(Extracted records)
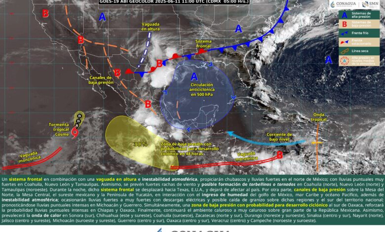 Durante este día, un sistema frontal en combinación con una vaguada en altura e inestabilidad atmosférica, propiciarán chubascos y lluvias fuertes en el norte de México; con lluvias puntuales muy fuertes en Coahuila, Nuevo León y Tamaulipas. Asimismo, se prevén fuertes rachas de viento y posible formación de torbellinos o tornados en Coahuila (norte), Nuevo León (norte) y Tamaulipas (noroeste). Durante la noche, dicho sistema frontal se desplazará hacia Texas, E.U.A., y dejará de afectar al país. Por otra parte, canales de baja presión sobre la Mesa del Norte, la Mesa Central, el sureste mexicano y la Península de Yucatán, en interacción con el ingreso de humedad del golfo de México, mar Caribe y océano Pacífico, además de inestabilidad atmosférica; ocasionarán lluvias fuertes a muy fuertes con descargas eléctricas y posible caída de granizo sobre dichas regiones y el sur del territorio nacional; pronosticándose lluvias puntuales intensas en Michoacán y Guerrero. Simultáneamente, una zona de baja presión con probabilidad para desarrollo ciclónico al sur de Oaxaca, reforzará la probabilidad lluvias puntuales intensas en Chiapas y Oaxaca. Finalmente, continuará el ambiente caluroso a muy caluroso sobre gran parte de la República Mexicana. Asimismo, prevalecerá la onda de calor en Sonora (sur), Chihuahua (este y sureste), Coahuila (suroeste), Zacatecas (norte y sur), Durango (noreste y suroeste), Sinaloa (centro y sur), Nayarit (norte), Jalisco (centro y sureste), Michoacán (suroeste y sureste), Guerrero (centro y sur), Oaxaca (centro y sur), Veracruz (centro) y Campeche (noroeste y suroeste).
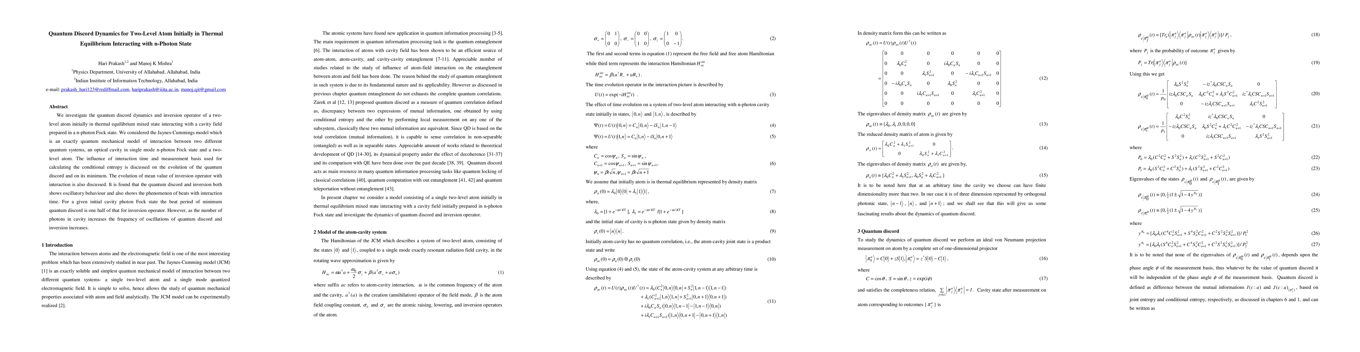 This paper examines the dynamics of quantum discord and the inversion operator in a Jaynes-Cummings model where a two-level atom in thermal equilibrium interacts with a cavity field in an n-photon state. It finds oscillatory behavior and beat phenomena in both quantum discord and inversion, with the beat period for quantum discord being half that of the inversion operator.
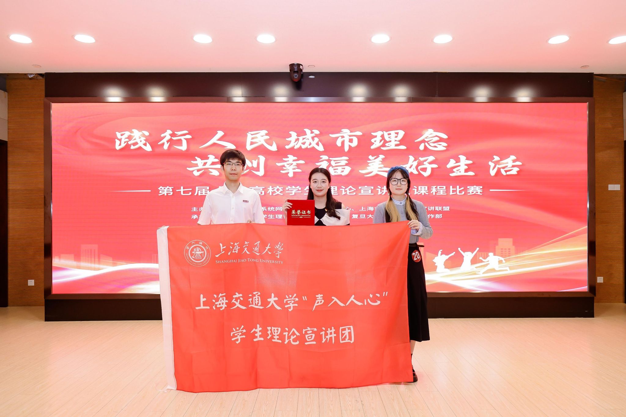 经评审,由司机社 教师钟晨宁和杨波怡指导、司机社 “声入人心”学生理论宣讲团讲师邓乐典和陈思宏共同宣讲的微课程《上海的“15”分钟,“圈”启幸福万象图》获评大赛二等奖。
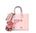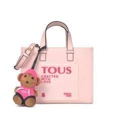 Bolso shopping mediano TOUS de la colección Amaya Dulzena de vinilo efecto piel en color rosa. Cierre con botón magnético. Asas de mano y asa de bandolera ajustable y extraíble. Bolsillo exterior plano y dos bolsillos interiores con cremallera. El bolso cuenta con una borla oso de peluche en color rosa. Medidas: 15x21,5x27,5 cm.
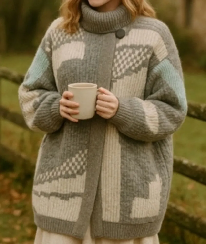 This Authentic vintage 1980s Townhouse knit coat is a dreamy mix of cozy and chic — the kind of piece that defines true retro comfort. Crafted in Taiwan during the height of mid-’80s design, it’s made from a plush chenille-style acrylic knit, fully lined for warmth, and styled with that iconic oversized silhouette everyone loves right now. Soft geometric patterns in gray, white, and pale ice blue wrap around the coat in a textured design that feels both modern and nostalgic. The rib-knit roll collar closes with one large gray button, and the built-in shoulder pads give it just the right amount of structure without being bulky. The padded interior adds a light layer of warmth, giving it the feel of a lightweight jacket — not just a sweater. Era: 1980s Brand: Townhouse Made in: Taiwan R.O.C. Shell: 100% Acrylic Lining: 100% Nylon Filler: 100% Polyester Measurements (approx): Pit to pit 25” | Shoulder to hem 29.5” Size: Small (fits small-Large depending on how you like the fit) Condition: Excellent vintage condition; clean, soft, and ready to wear very very nice. Model photo shown for fit and style. See listing photos for the exact coat you will receive. Keywords: vintage knit coat, 1980s chenille jacket, geometric sweater coat, Townhouse vintage, cozy retro cardigan, gray white oversized coat, 80s coatigan, made in Taiwan vintage, grandmacore sweater, mid century winter knit, cozycore, winter streetw
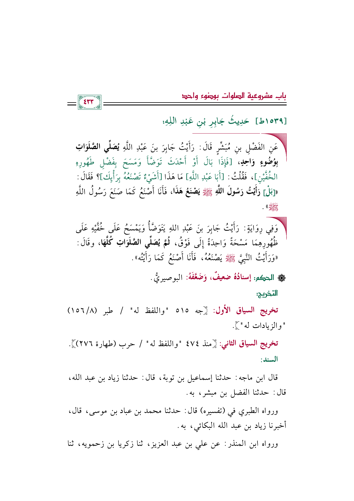 ◼ عَنِ الفَضْلِ بنِ مُبَشِّرٍ قَالَ: رَأَيْتُ جَابِرَ بنَ عَبْدِ اللَّهِ يُصَلِّي الصَّلَوَاتِ بِوُضُوءٍ وَاحِدٍ، [فَإِذَا بَالَ أَوْ أَحْدَثَ تَوَضَّأَ وَمَسَحَ بِفَضْلِ طَهُورِهِ الخُفَّيْنِ]، فَقُلْتُ: [أَبَا عَبْدِ اللَّهِ] مَا هَذَا [أَشَيْءٌ تَصْنَعُهُ بِرَأْيِكَ]؟ فَقَالَ: (([بَلْ] رَأَيْتُ رَسُولَ اللَّهِ صلى الله عليه وسلم يَصْنَعُ هَذَا، فَأَنَا أَصْنَعُ كَمَا صَنَعَ رَسُولُ اللَّهِ صلى الله عليه وسلم)).
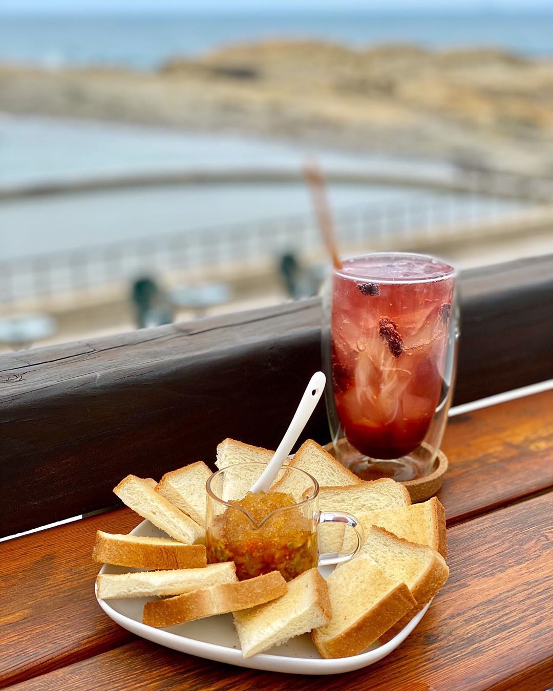 ▼另外還有「飛魚卵莎莎醬+烤吐司」(NT$ 135),現烤的吐司切塊擺盤,中間放上一杯金黃色澤的飛魚卵莎莎醬,微辣的飛魚卵莎莎醬沾一點點就很夠味,配上吐司一起吃簡直絕配!來到海邊當然少不了來杯石花凍,這杯「石花凍蔓越莓氣泡飲」(NT$ 140)將基隆特產石花凍搭配清爽的蔓越梅氣泡飲,酸酸甜甜的滋味超解暑!
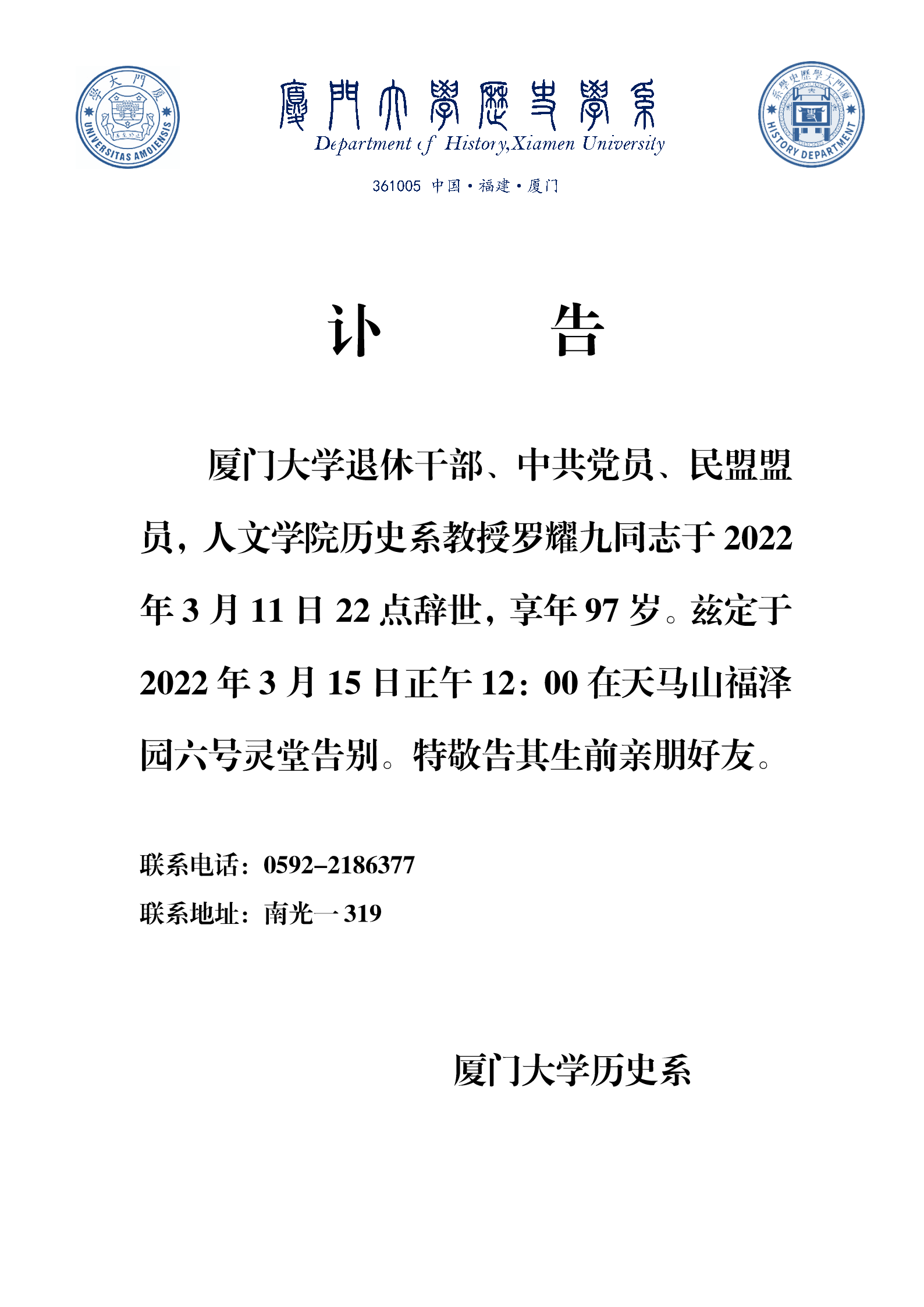 罗耀九教授,生于1925年8月3日,江西吉安人。1941年9月至1944年7月在吉安中学、吉安国立十三中学学习。1944年9月至1948年7月在南昌大学(原国立中正大学)历史系读书。1948年9月至1950年12月任厦门大学中国海洋研究所助理研究员。1951年1月至1952年1月任厦门大学南洋研究馆实习研究员。1952年2月调入厦门大学历史系任教,历任助教、讲师、副教授、教授。1980年3月任厦门大学历史研究所副所长。1951年5月加入中国民主同盟会,曾任厦门市临时工作委员会宣委会委员,厦门大学总支副主委。1988年9月29日光荣加入中国共产党。1991年6月荣休。兼任福建省历史学会厦门分会秘书长、副会长、会长,福建省严复学术研究会副会长,厦门吴真人研究会会长。享受国务院政府特殊津贴。
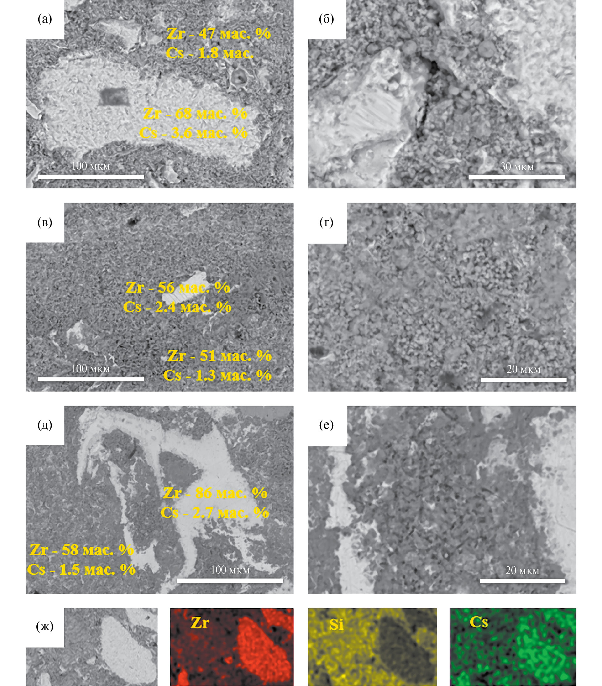 Влияние температуры на морфологию поверхности и структуру объемных керамик, полученных в токе искровой плазмы, наглядно представлено на РЭМ-снимках (рис. 9), из которых видно, что в области невысоких температур (800–900°С) происходит спекание порошка цирконосиликата по границам контактов частиц, при этом сохраняется их форма и размер (рис. 8а–8г). Высокотемпературная обработка порошка (1000°С) приводит к разрушению пористой структуры из-за их деструкции и сплавления. Образуется плотный компаунд монолитной структуры (рис. 8д–8е). Вместе с тем на снимках наблюдается неоднородная микроструктура керамик за счет выделения областей, обогащенных цирконием, что указывает на полифазный состав продуктов спекания. Цезий распределен по всей поверхности керамики, при этом его содержание на участках, обогащенных цирконием, почти в два раза превышает концентрацию цезия в областях с меньшим содержанием циркония (рис. 9а, 9б, 9д, 9ж). Это может указывать на то, что за сорбцию цезия отвечают прежде всего цирконийсодержащие фазы.
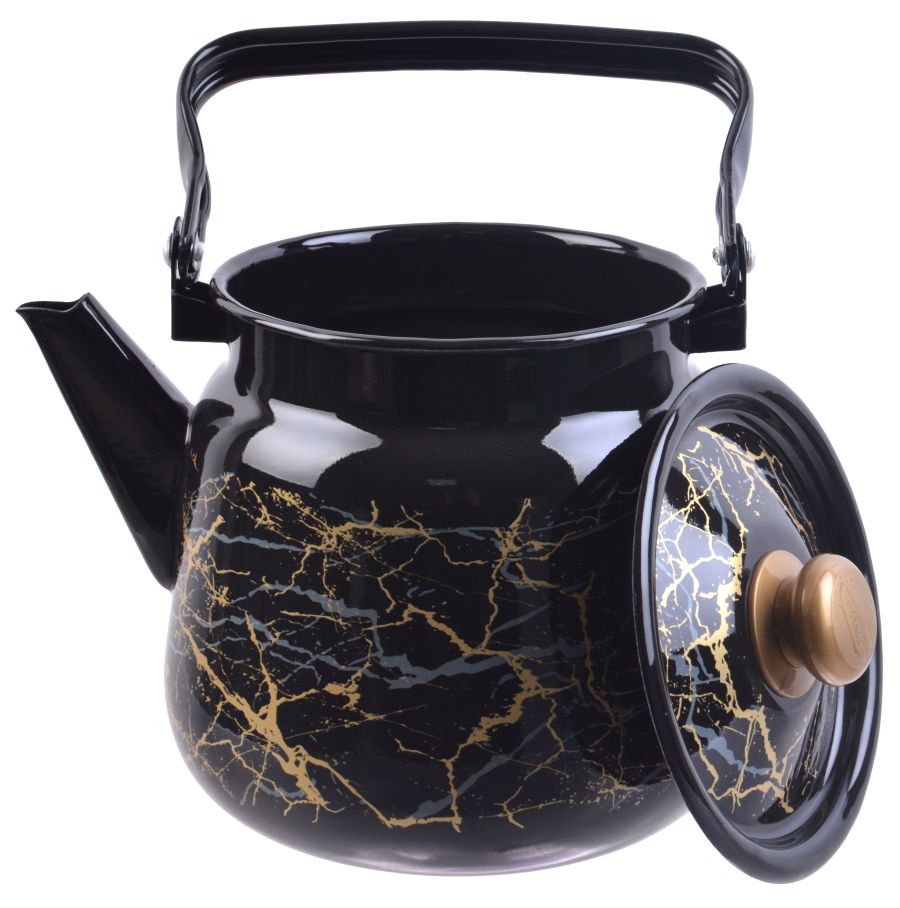 Чайник эм. 3,5л, эм. крышка с пласт.кнопкой, сферический, деколь "Мрамор золотой" черный (4)
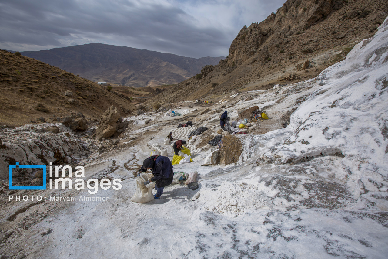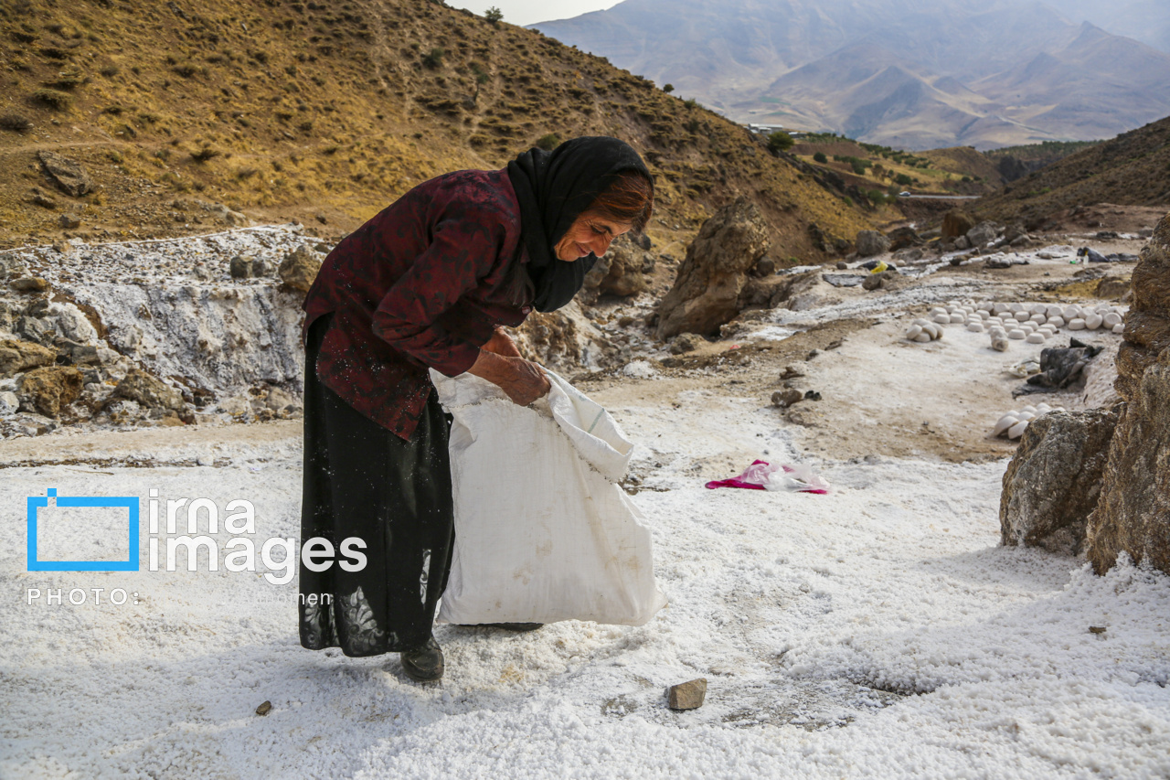 هر سال با آغاز فصل بهار، زنان سختکوش این سه روستا، پا به پای خورشید، راهی معدن نمک میشوند تا با تیشههای خود، بلورهای درخشان و ارزشمند نمک را از دل صخرهها بیرون بکشند. این فرایند که به زبان محلی «چیدن نمک» خوانده میشود، حاصل تدبیر و تجربه نسلهاست. از اواخر فروردینماه، آب چشمههای نمکی به دقت بر روی صخرهها هدایت میشود. پس از گذشت چند روز و تبخیر آب در آفتاب سوزان، لایههایی از بلورهای نمک نمایان میگردد که همچون الماسهای سفید در دل کوهستان میدرخشند.با دقت و وسواس، زنان با تیشههای خود به جان صخرهها میافتند تا این تکههای نمک را جدا کنند. سپس، بلورهای جدا شده به پایین دره منتقل میشوند تا با کمک سنگهای بزرگ، نرم و آسیاب شوند. در گام نهایی، نمک پودر شده در قالبهای کاسهای شکل ریخته شده و زیر نور مستقیم آفتاب قرار میگیرد تا کاملاً سفت و خشک شود. این نمکهای قالبگیری شده، که هر کدام گویی بخشی از روح این سرزمین را در خود دارند، با کمک چهارپایان به پایین دره حمل میشوند تا از آنجا با خودروهای باری به نقاط مختلف کشور انتقال یابند و زینتبخش سفرهها و خوراک دامها شوند.راز کیفیت بینظیر نمک «قلعه رشید» در املاح معدنی غنی و ویژهای نهفته است که حاصل عبور آب چشمهها از لایهها و سنگهای گوناگون زمین در اعماق آن است.

The problem: I would like the exact lines from the data above, starting with the one that holds "罗耀九教授,生于1925年8" and going on through the one that holds "Влияние температуры на", without the pictures.

Answer for the task:
 罗耀九教授,生于1925年8月3日,江西吉安人。1941年9月至1944年7月在吉安中学、吉安国立十三中学学习。1944年9月至1948年7月在南昌大学(原国立中正大学)历史系读书。1948年9月至1950年12月任厦门大学中国海洋研究所助理研究员。1951年1月至1952年1月任厦门大学南洋研究馆实习研究员。1952年2月调入厦门大学历史系任教,历任助教、讲师、副教授、教授。1980年3月任厦门大学历史研究所副所长。1951年5月加入中国民主同盟会,曾任厦门市临时工作委员会宣委会委员,厦门大学总支副主委。1988年9月29日光荣加入中国共产党。1991年6月荣休。兼任福建省历史学会厦门分会秘书长、副会长、会长,福建省严复学术研究会副会长,厦门吴真人研究会会长。享受国务院政府特殊津贴。
 Влияние температуры на морфологию поверхности и структуру объемных керамик, полученных в токе искровой плазмы, наглядно представлено на РЭМ-снимках (рис. 9), из которых видно, что в области невысоких температур (800–900°С) происходит спекание порошка цирконосиликата по границам контактов частиц, при этом сохраняется их форма и размер (рис. 8а–8г). Высокотемпературная обработка порошка (1000°С) приводит к разрушению пористой структуры из-за их деструкции и сплавления. Образуется плотный компаунд монолитной структуры (рис. 8д–8е). Вместе с тем на снимках наблюдается неоднородная микроструктура керамик за счет выделения областей, обогащенных цирконием, что указывает на полифазный состав продуктов спекания. Цезий распределен по всей поверхности керамики, при этом его содержание на участках, обогащенных цирконием, почти в два раза превышает концентрацию цезия в областях с меньшим содержанием циркония (рис. 9а, 9б, 9д, 9ж). Это может указывать на то, что за сорбцию цезия отвечают прежде всего цирконийсодержащие фазы.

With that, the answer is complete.